### PROBLEM TO SOLVE
The word "Olney" marks the lines you need; copy each of them from the data.

### DATASET EXTRACT
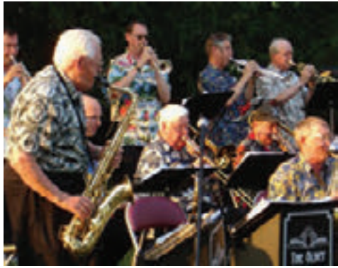
Rip playing at BGRV with the Olney Big Band, June 17, 2007

and nearly 2,500 copies had been distributed through 2010. Several additional CDs and a DVD of one of the OBB's Olney Theatre Swing! Swing! Swing! concerts are now available as well.
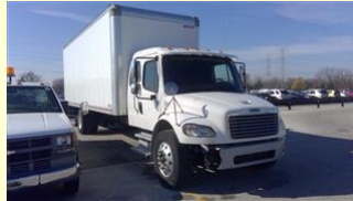
Extra photo 2
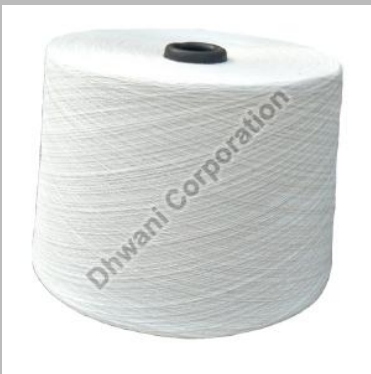
Contamination Free Cotton Yarn

### RESPONSE TO THE EXERCISE
Rip playing at BGRV with the Olney Big Band, June 17, 2007
and nearly 2,500 copies had been distributed through 2010. Several additional CDs and a DVD of one of the OBB's Olney Theatre Swing! Swing! Swing! concerts are now available as well.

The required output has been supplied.